MW: I think that’s extremely well said, I think that’s exactly it. But it’s much more difficult than a public form of resistance, which gets the support of the particular collective one is identified with. It’s a private, interior, non-utilitarian exercise. It’s not done because it’s useful. It’s done because it’s a joy and a delight unto itself. You find one thing in the day that you can commit to consistently over time, that is a joy and delight unto itself and you practice that. And that’s the ground of the hope. It’s not a cognitive exercise itself. It’s not a head-based exercise, but a heart-based exercise. And that’s a powerful form of resistance to the dictates of a toxic political culture and a toxic consumer culture that would like to deny you the right to initiate such a practice.

WB: One final question. Is there anything you’d like students to know about the Religion department that we can share?

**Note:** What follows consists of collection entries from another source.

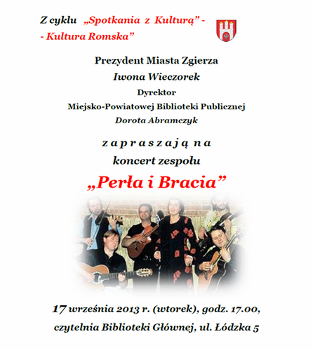 17 września o godz. 17.00 w czytelni Biblioteki Głównej w Zgierzu odbędzie się koncert z cyklu "Spotkania z kulturą" - wystąpi zespół "Perła i Bracia" wykonujący romską muzykę wokalno - instrumentalną.
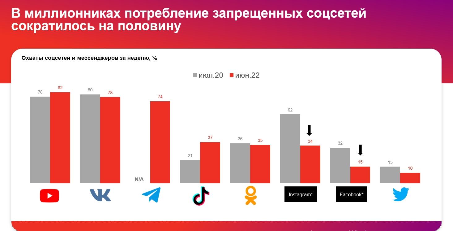 Потребление запрещенных соцсетей сократилось на половину
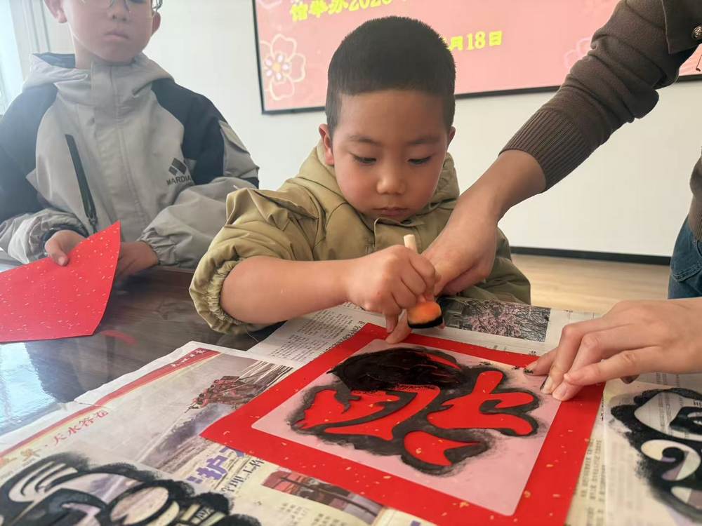 进入拓印体验环节,社教老师现场示范完整操作流程:从铺纸定位到拓包蘸墨、均匀捶拓,再到轻轻揭纸、自然晾干,步骤清晰、手法规范,现场还详细区分墨拓、朱拓两种常用拓印形式,讲解不同技法的特点与应用场景,孩子们认真聆听、动手实践,将马家塬车舆经典纹饰与新春福韵拓印于纸上,指尖触碰历史,匠心传承非遗。

MW: I think the most important thing about an undergraduate education is to discover meaning and purpose for oneself. I don’t think liberal arts education should be primarily designed to equip young adults with particular pre-professional skill sets or to make them self-consciously competitive in the professional marketplace. I think the ideal of the liberal arts is to free young adults and aim them towards the possibilities of envisioning for themselves a life of joy and commitment that they couldn’t have come to without passing through the joy and the trauma of an undergraduate education. So, the religion department celebrates that ideal of full becoming. It’s not unique in that regard. Many, if not most departments have that as their orienting paradigm, but the study of religion in particular highlights the quest for meaning and purpose as central to one’s education and one’s full human becoming. And that’s what I’d like people to know about.

WB: Thank you so much, Professor Wallace. We really appreciate it.

LW: Thank you so, so much.

WB: Hope that you have a lovely semester, and of course we’ll see you around.